Timeouts/connection closed errors with benchmark tests #122

demuskov opened this issue May 16, 2018 · 5 comments

Comments

@demuskov
Copy link

Hi!
I'm trying to make env for handle, for example 5-7k connections. I'v read (#12), but do not able to reproduce that success story.

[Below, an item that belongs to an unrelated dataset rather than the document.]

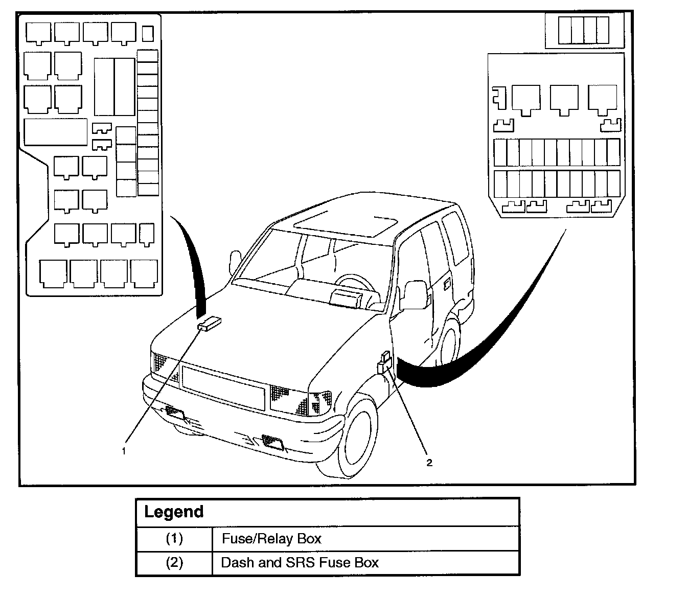 Dash and SRS Fuse Boxes:
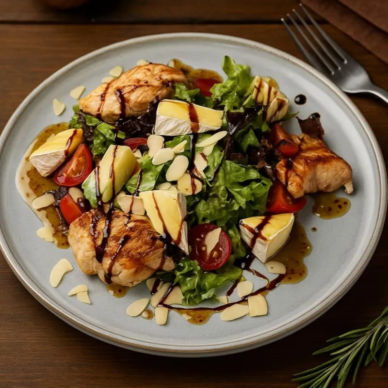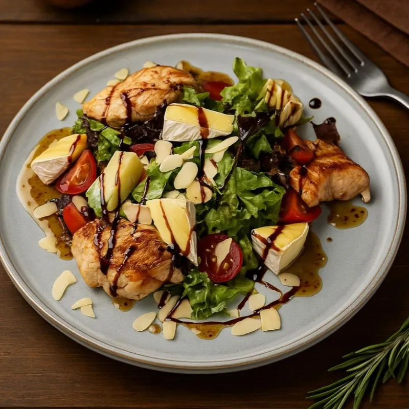 Куриное филе, сыр камамбер, микс салата, миндальные слайсы, помидорки черри, сладкая горчица

Socket/files limits is 500000 on the poxa-machine. Erlang and Elixir versions are (Install instructions from https://gist.github.com/rubencaro/6a28138a40e629b06470):

  • Erlang/OTP 20 [erts-9.3] [source] [64-bit] [smp:8:8] [ds:8:8:10] [async-threads:10] [hipe] [kernel-poll:false]
  • Elixir 1.6.4 (compiled with OTP 19)

There is no errors on that side (console log contains just correct messages). But on the other side(s) (where benchmark started) I have errors:

Running with n = 600
** (EXIT from #PID<0.74.0>) an exception was raised:
    ** (MatchError) no match of right hand side value: {:error, :closed}
    ~/deps/websocket_client/src/websocket_client.erl:150: :websocket_client.receive_handshake/3
    ~/deps/websocket_client/src/websocket_client.erl:137: :websocket_client.websocket_handshake/2
    ~/deps/websocket_client/src/websocket_client.erl:89: :websocket_client.ws_client_init/7
    (stdlib) proc_lib.erl:247: :proc_lib.init_p_do_apply/3

or:

Running with n = 400
Terminated
Terminated
Terminated
Terminated
Terminated
Terminated
Terminated
** (EXIT from #PID<0.74.0>) an exception was raised:
    ** (MatchError) no match of right hand side value: {:error, :timeout}
        connect.exs:14: Worker.handle_info/2
        (stdlib) gen_server.erl:616: :gen_server.try_dispatch/4
        (stdlib) gen_server.erl:686: :gen_server.handle_msg/6
        (stdlib) proc_lib.erl:247: :proc_lib.init_p_do_apply/3

I think, that I'm missing something and any help is appreciate.
Thanks.

@edgurgel
Copy link
Owner

Hey @demuskov thanks for opening this issue. I will give it a try on this benchmark again this weekend. Thanks for opening this issue

@demuskov
Copy link
Author

Thanks, Eduardo!
Btw, I think, that cowboy connection limits somehow exhausted. And if you trying to look through poxa web console - you eventually get unresponsive poxa endpoint.

PS. Now I'm trying to redesign your benchmark for the following case:

  • Three or four independent subscription source machines with 500-1000 processes
  • One publisher, that emit 10 messages

Thanks once more.

@demuskov
Copy link
Author

Hi! I'v practiced with benchmark-based code on a few machines with Ubuntu 16 (poxa server) and Mint 18 (poxa multiple clients). Network settings for Ubuntu adjusted for heavy-load web server. Mints - highest limits (fds - 500000).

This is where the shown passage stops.